— Problem to work on —
Copy the records below exactly as they stand. Leave out the pictures.

┌──

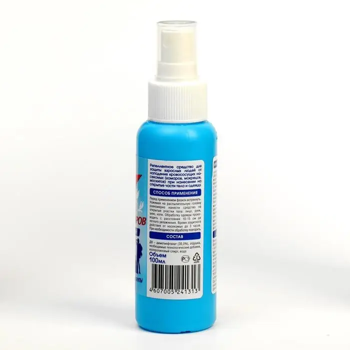 Назначение: cредство для защиты взрослых людей от нападения кровососущих насекомых (комаров, мокрецов, москитов).Способ применения: нанесение на открытые части тела и одежду.Состав: диметилфталат 100%.Форма выпуска: 100 мл, флакон с распылителем.Срок годности: 3 года в невскрытой упаковке производителя.
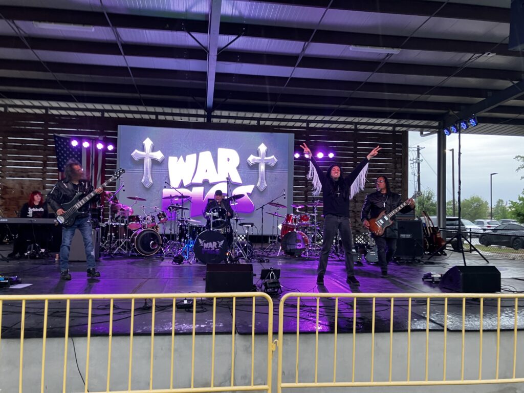 Opening the show was a Black Sabbath tribute band from the area called War Pigs. The weather couldn’t have been more perfect (especially if they would’ve opened with the self-titled track from the band’s debut album. With a long-haired and fringe-sleeved shirt, the young Ozzy lookalike kept the energy going with an appropriate visual. He’s definitely done his homework with all the leaning forward hand clapping and victorious double peace signs flashed at several moments. It was quite a full and fun show. What metalhead worth his historic salt would not relish in singing so many of Sabbath’s uber heavy riffs at full volume. It was quite a gas and the sound system mix was full-on rocking.
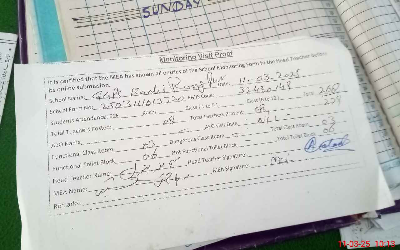 | EMIS Code: 32430149 | Name of School: GGPS KACHI RANG PUR | |||
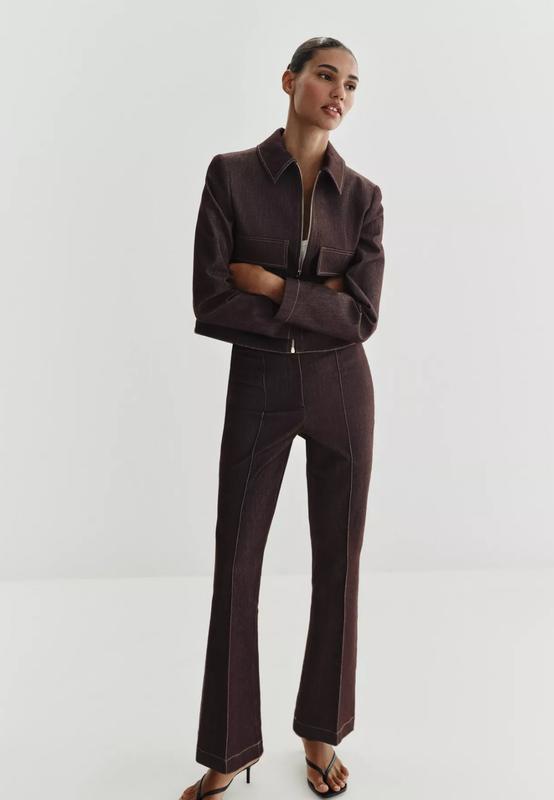 Брюки с высокой посадкой и расклешенным низом. Застежка спереди на молнию, внутренняя пуговица и крючок.
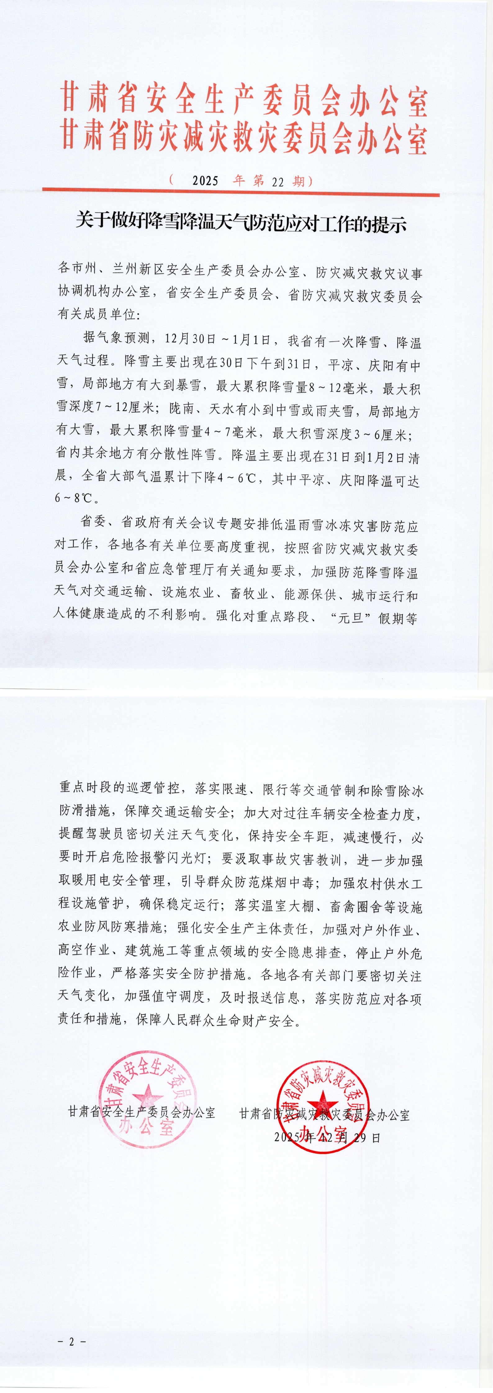 甘肃省安全生产委员会办公室甘肃省防灾减灾救灾委员会办公室关于做好降雪降温天气防范应对工作的提示
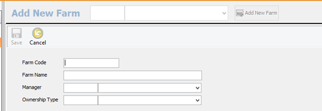A New Farm window will appear. Fill out the Farm Code, Name, Manager, and Ownership type and hit save. You will then need to go through all the Edit Farm tabs to set the new farm up. Be sure to be thorough on this initial set up, especially in the Accounts tab.
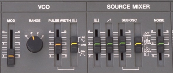 波形のセレクトは VCO 側ではなく、右隣にある SOURCE MIXER で行う。ここではパルス波、鋸歯状波のレベルの他に、SUB OSC、NOISE のレベルが調整できる。
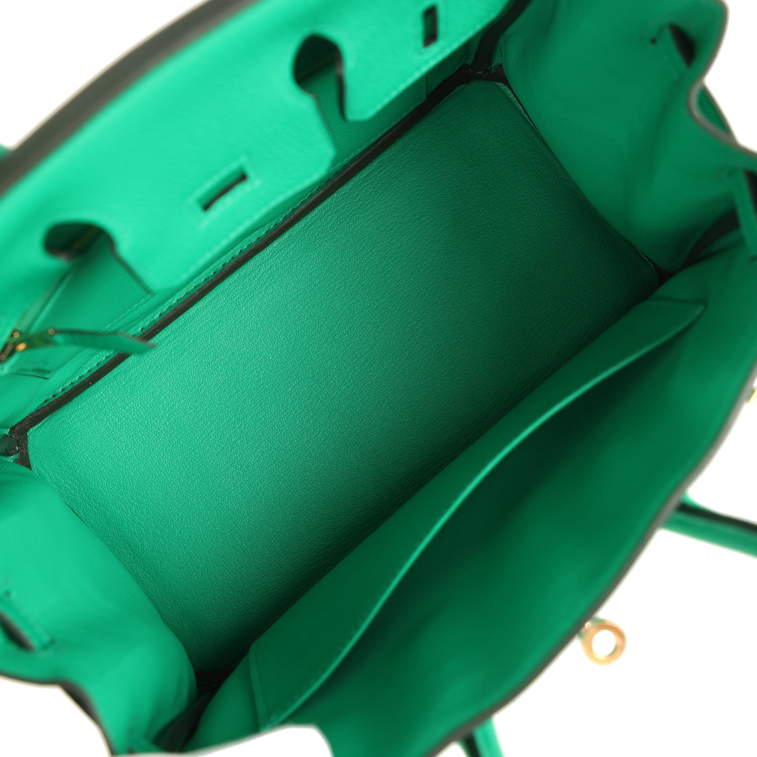 The interior is lined with Menthe chevre and has one zip pocket with an Hermes engraved zipper pull and an open pocket on the opposite side.
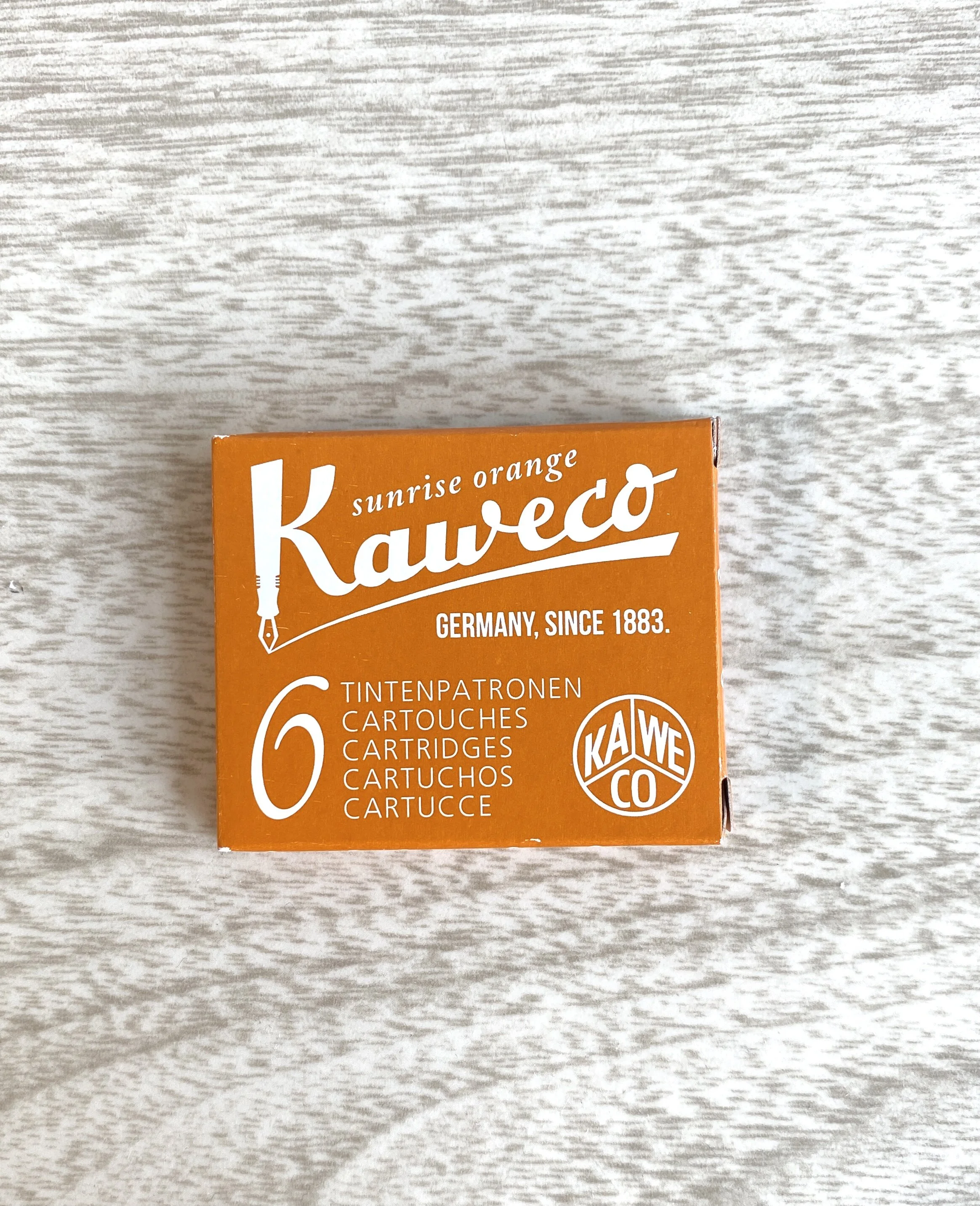 Kaweco ink cartridges in so many colors! Easy to replace and continue using your favorite German fountain pen. Simply unscrew the handle with the spring, pull out the empty ink cartridge, insert a new on and keep on going! Each box contains 6 cartridge ink replacements.
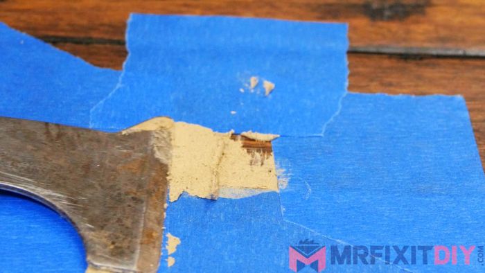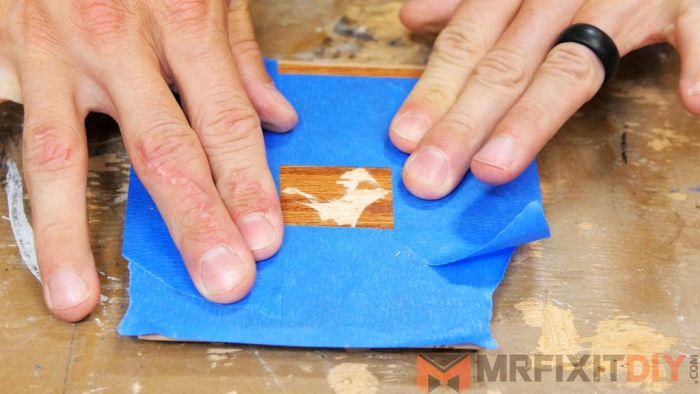 Если повреждение паркета/мебели имеет большую площадь или значительное углубление, то одним карандашом или маркером убрать дефект не получится. Нужно с помощью малярного скотча оклеить периметр поврежденного участка, защитив целые места.
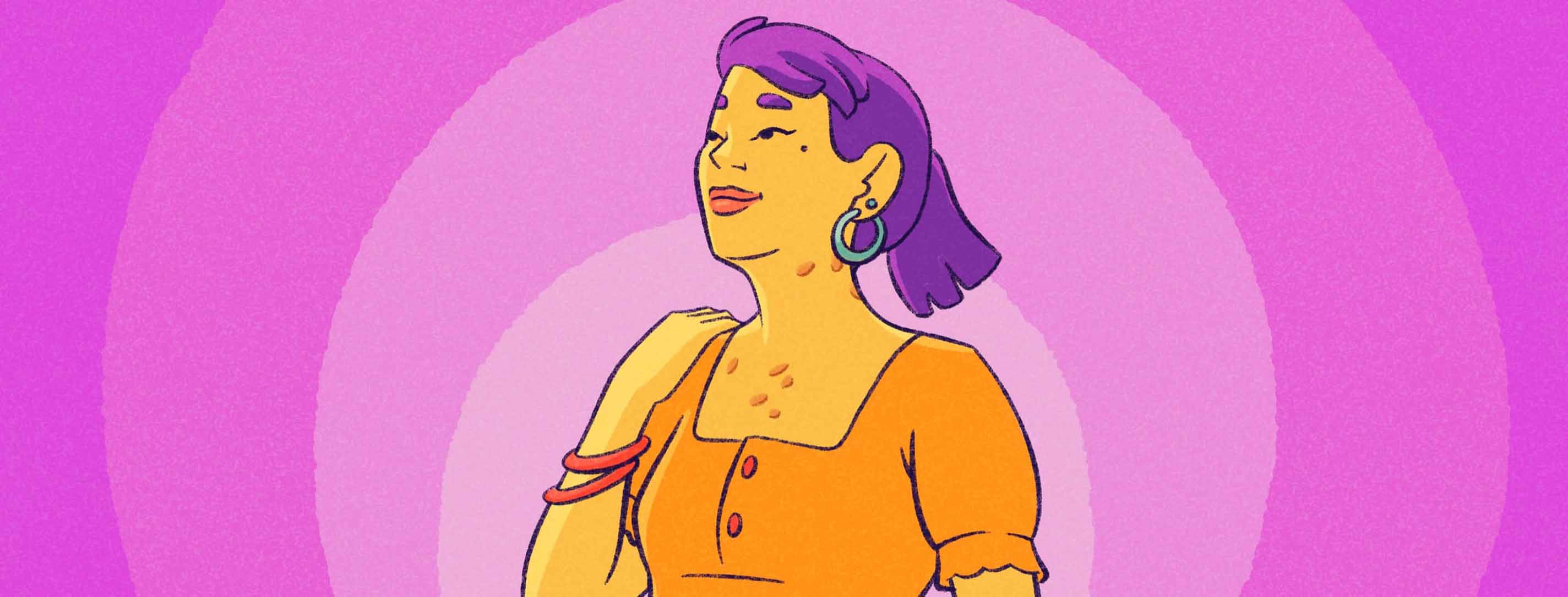 My HS is more visible but I don’t want to cover my entire body to hide these scars for multiple reasons. First, it is uncomfortable. I live in a hot climate. If I wore long sleeve shirts and long pants all the time, I would become overheated and sweaty. Sweat is a trigger for me, so this would not help my HS. Second, I like to experiment with what I am wearing. Having fun with fashion helps to build my confidence. Sometimes this means I wear a fun flowing low-cut sleeveless dress! Other times I wear shorts and a cute tank top. Both of these outfits show my neck, chest, legs, and arms, where I have active HS flares and scar tissue.
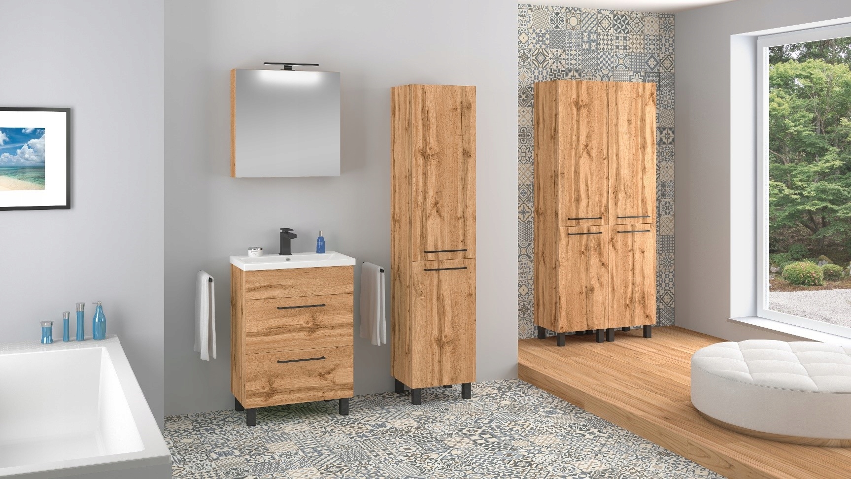 Меблі з колекції sol wotan були створені за допомогою високоякісних матеріалів. Це продукти, які тривалий час зберігають свій ідеальний вигляд. Фронти меблів з колекції Sol Wotan виготовлені з ДСП товщиною 16 мм в Decor Oak Votan. Оздоблення в дерев’яному робочому стільниці дозволяє висвітлити дану кімнату та надати йому унікального персонажа, який є чудовим рішенням насамперед у невеликих ванних кімнатах. Меблеві тіла виготовлені з ДСП у декорі дуба Wotan
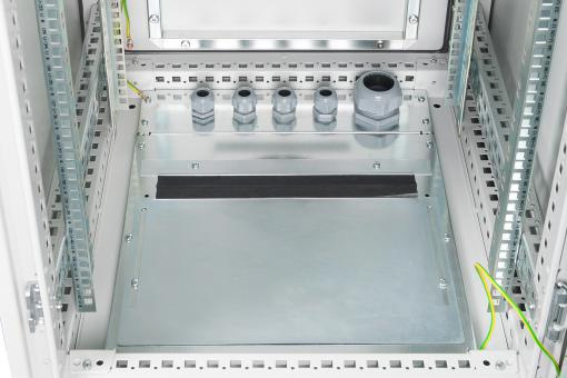 Průmyslové skříně 483 mm (19 ") jsou chráněny proti vniknutí prachu a vody v souladu s bezpečnostní úrovní IP55 (IEC EN 60529), aby poskytovaly optimalizované podmínky pro uživatelsky přívětivou instalaci aktivních a pasivních součástí sítě doprovázených úhledným vedením kabelů v barva je tvořena 70-90 µm silným práškovým nátěrem v barvě šedé (RAL 7035) se schopností přilnavosti podle EN ISO 2409: třída 0 až 1. Další provedená 500 hodinová zkouška odolnosti vůči postřiku solí potvrzuje možný rozsah provozních teplot od -25 ° C do +70 ° C. Vnitřní montážní profilové lišty 483 mm (19 ”) (dva páry = 4 kusy) jsou galvanicky pozinkovány a označeny výškovými jednotkami (počítatelné z obou směrů). jsou variabilní v hloubce a jsou spojeny s přídavnými podpůrnými tyčemi pro realizaci rozsáhlých instalací zařízení o délce 483 mm (19 ”). Dále je uvnitř konstrukce otočného profilu. Každá skříň je vybavena soklem (výška 100 mm), který nabízí additio prostor pro kabeláž. Základna každé skříňky je vybavena posuvným kabelovým vstupním panelem s gumovým těsněním a pěti kabelovými vstupy PG (4x PG21 + 1x PG48). Rozsáhlé portfolio příslušenství pro správu kabelů, police atd. Pomůže splnit mnoho požadavků při každodenním používání.
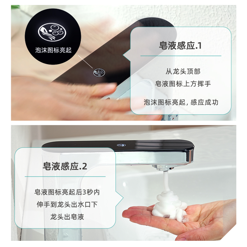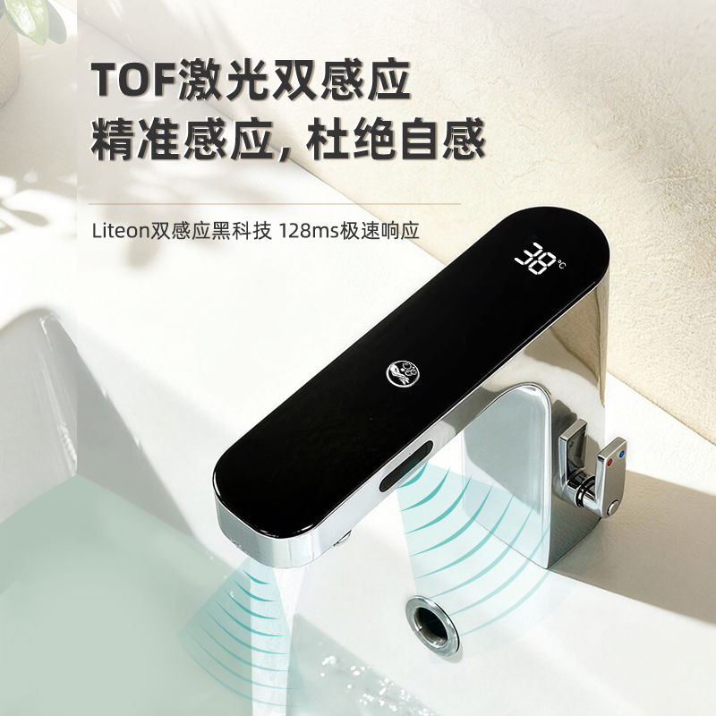 出水和皂液二合一龍頭設計 & 帶溫度數顯感應龍頭 & TOF激光感應器 & Liteon雙感應技術。

└──

— Solved exercise —
 Назначение: cредство для защиты взрослых людей от нападения кровососущих насекомых (комаров, мокрецов, москитов).Способ применения: нанесение на открытые части тела и одежду.Состав: диметилфталат 100%.Форма выпуска: 100 мл, флакон с распылителем.Срок годности: 3 года в невскрытой упаковке производителя.
 Opening the show was a Black Sabbath tribute band from the area called War Pigs. The weather couldn’t have been more perfect (especially if they would’ve opened with the self-titled track from the band’s debut album. With a long-haired and fringe-sleeved shirt, the young Ozzy lookalike kept the energy going with an appropriate visual. He’s definitely done his homework with all the leaning forward hand clapping and victorious double peace signs flashed at several moments. It was quite a full and fun show. What metalhead worth his historic salt would not relish in singing so many of Sabbath’s uber heavy riffs at full volume. It was quite a gas and the sound system mix was full-on rocking.
 | EMIS Code: 32430149 | Name of School: GGPS KACHI RANG PUR | |||
 Брюки с высокой посадкой и расклешенным низом. Застежка спереди на молнию, внутренняя пуговица и крючок.
 甘肃省安全生产委员会办公室甘肃省防灾减灾救灾委员会办公室关于做好降雪降温天气防范应对工作的提示
A New Farm window will appear. Fill out the Farm Code, Name, Manager, and Ownership type and hit save. You will then need to go through all the Edit Farm tabs to set the new farm up. Be sure to be thorough on this initial set up, especially in the Accounts tab.
 波形のセレクトは VCO 側ではなく、右隣にある SOURCE MIXER で行う。ここではパルス波、鋸歯状波のレベルの他に、SUB OSC、NOISE のレベルが調整できる。
 The interior is lined with Menthe chevre and has one zip pocket with an Hermes engraved zipper pull and an open pocket on the opposite side.
 Kaweco ink cartridges in so many colors! Easy to replace and continue using your favorite German fountain pen. Simply unscrew the handle with the spring, pull out the empty ink cartridge, insert a new on and keep on going! Each box contains 6 cartridge ink replacements.
 Если повреждение паркета/мебели имеет большую площадь или значительное углубление, то одним карандашом или маркером убрать дефект не получится. Нужно с помощью малярного скотча оклеить периметр поврежденного участка, защитив целые места.
 My HS is more visible but I don’t want to cover my entire body to hide these scars for multiple reasons. First, it is uncomfortable. I live in a hot climate. If I wore long sleeve shirts and long pants all the time, I would become overheated and sweaty. Sweat is a trigger for me, so this would not help my HS. Second, I like to experiment with what I am wearing. Having fun with fashion helps to build my confidence. Sometimes this means I wear a fun flowing low-cut sleeveless dress! Other times I wear shorts and a cute tank top. Both of these outfits show my neck, chest, legs, and arms, where I have active HS flares and scar tissue.
 Меблі з колекції sol wotan були створені за допомогою високоякісних матеріалів. Це продукти, які тривалий час зберігають свій ідеальний вигляд. Фронти меблів з колекції Sol Wotan виготовлені з ДСП товщиною 16 мм в Decor Oak Votan. Оздоблення в дерев’яному робочому стільниці дозволяє висвітлити дану кімнату та надати йому унікального персонажа, який є чудовим рішенням насамперед у невеликих ванних кімнатах. Меблеві тіла виготовлені з ДСП у декорі дуба Wotan
 Průmyslové skříně 483 mm (19 ") jsou chráněny proti vniknutí prachu a vody v souladu s bezpečnostní úrovní IP55 (IEC EN 60529), aby poskytovaly optimalizované podmínky pro uživatelsky přívětivou instalaci aktivních a pasivních součástí sítě doprovázených úhledným vedením kabelů v barva je tvořena 70-90 µm silným práškovým nátěrem v barvě šedé (RAL 7035) se schopností přilnavosti podle EN ISO 2409: třída 0 až 1. Další provedená 500 hodinová zkouška odolnosti vůči postřiku solí potvrzuje možný rozsah provozních teplot od -25 ° C do +70 ° C. Vnitřní montážní profilové lišty 483 mm (19 ”) (dva páry = 4 kusy) jsou galvanicky pozinkovány a označeny výškovými jednotkami (počítatelné z obou směrů). jsou variabilní v hloubce a jsou spojeny s přídavnými podpůrnými tyčemi pro realizaci rozsáhlých instalací zařízení o délce 483 mm (19 ”). Dále je uvnitř konstrukce otočného profilu. Každá skříň je vybavena soklem (výška 100 mm), který nabízí additio prostor pro kabeláž. Základna každé skříňky je vybavena posuvným kabelovým vstupním panelem s gumovým těsněním a pěti kabelovými vstupy PG (4x PG21 + 1x PG48). Rozsáhlé portfolio příslušenství pro správu kabelů, police atd. Pomůže splnit mnoho požadavků při každodenním používání.
 出水和皂液二合一龍頭設計 & 帶溫度數顯感應龍頭 & TOF激光感應器 & Liteon雙感應技術。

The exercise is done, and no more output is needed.